Ansiedad en el deporte

¿Puede un deportista de alto rendimiento sentir ansiedad?

La respuesta es sí, un deportista de alto rendimiento puede sentir ansiedad aunque esté acostumbrado a enfrentar competencias en las cuales debe explotar sus recursos al máximo. Sin embargo, la mayoría del tiempo este problema no se dimensiona ni se visibiliza ya que se da por hecho su pertenencia a una rutina.
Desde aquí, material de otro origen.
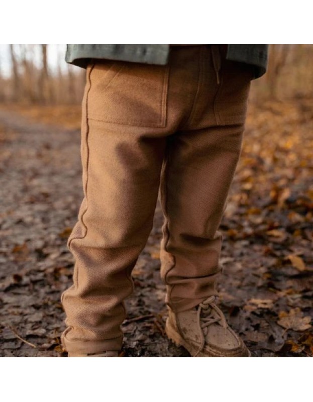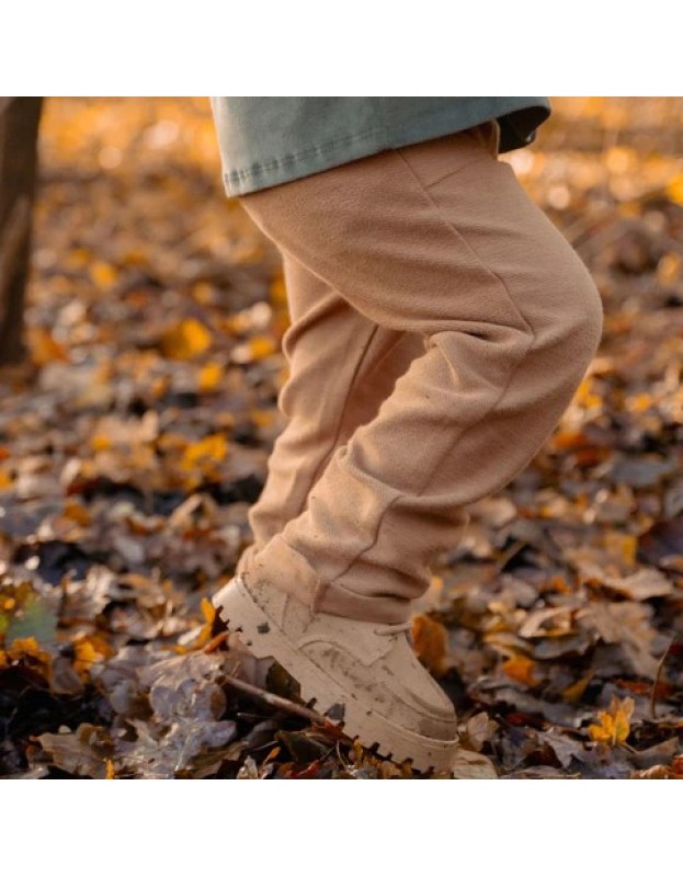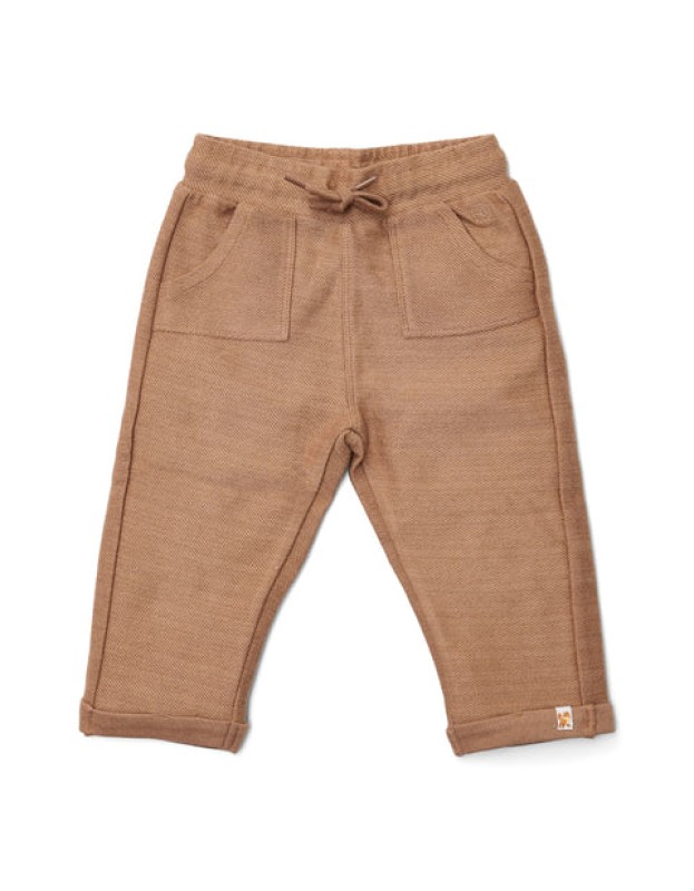 Овие кул кафеави панталони се задолжителни за малите авантуристи кои се подготвени да го истражат светот - или барем игралиштето. Направени од прекрасно мек органски памук со суптилна текстура, овие панталони нудат удобност и стил. Еластичниот појас со обоена врвка гарантира дека сè ќе остане на место, дури и по големо искачување. Со кул џебови и свиткан раб за малку повеќе стил.

Origen de la ansiedad deportiva

Una competencia puede ser vista de diversas maneras, por lo que de ello dependerá el nivel de ansiedad que provoca. Es decir, para algunos competidores será un desafío, pero para otros podría significar una amenaza; en ambos casos se desencadena una serie de síntomas propios de la ansiedad que – dependiendo del nivel – impacta negativa o positivamente su desempeño.

Ahora bien, la ansiedad deportiva se produce por la interacción de varios factores como:

 

Personales – situacionales

En este sentido pueden involucrarse temas tan sensibles como la autoestima por lo que el competidor se siente no motivado, no preparado, inseguro o muy nervioso ante la situación que debe enfrentar. En consecuencia, su rendimiento puede ser el no esperado ya que, además, está valorando su éxito profesional, su peso social, su economía, prestigio, entre otros.

 

Percepción del rival

Esto se da en la etapa precompetitiva debido a que se tiene incertidumbre y expectativas sobre el contrincante. Las preocupaciones habituales en relación con esto son qué tan hábil es respecto a la actividad a desempeñar y respecto a uno mismo.

 

Público

Quienes se enfrentan al escrutinio público tienden a experimentar una fuerte presión que desencadena ansiedad y estrés. Sin embargo, no sólo es por las expectativas del público en general, sino que pueden ser incluso las de sus seres queridos, colegas o el contrincante lo que lo lleva a sentir gran preocupación y no lo deja concentrar.

 

Manifestaciones de la ansiedad

En el grueso de las ocasiones se confunde el estado de vigilancia o alerta con la ansiedad precompetencia, una situación desencadenada por la percepción de desigualdad entre la destreza y la habilidad del deportista en relación con el otro. Este padecimiento ocurre durante las 24 horas previas al evento.

En el periodo de precompetencia se suelen experimentar síntomas en 5 formas:

  • Físicos, como malestar estomacal, temblores, sudoración.
  • Sentimientos de incapacidad, es decir, no hay una sensación de seguridad sobre la preparación que se ha tenido.
  • Miedo al fracaso, asociado a la incertidumbre sobre el contrincante y el evento deportivo.
  • Sentimientos de culpabilidad cuando no se ha hecho nada que quebrante las reglas ni ponga en peligro a los competidores.
  • Ausencia de control por pensamientos mágicos como “sentir mala suerte”.

 

Ciclo vicioso

Ante una situación de estrés por competencia, el organismo libera adrenalina que desencadena los primeros síntomas de ansiedad; al notarlos, el deportista comienza a tener un temor a ellos por su predisposición a que lo perjudiquen o paralice; ese temor hace que los síntomas empeoren aún más y, finalmente, inconscientemente se aprende a asociar los síntomas negativos con una situación de estrés competitivo particular.

Por lo tanto, los síntomas asociados a la disminución del rendimiento, aumenta la preocupación y – a su vez- la propia ansiedad; lo anterior genera un círculo vicioso en el que en ocasiones el deportista se queda anclado.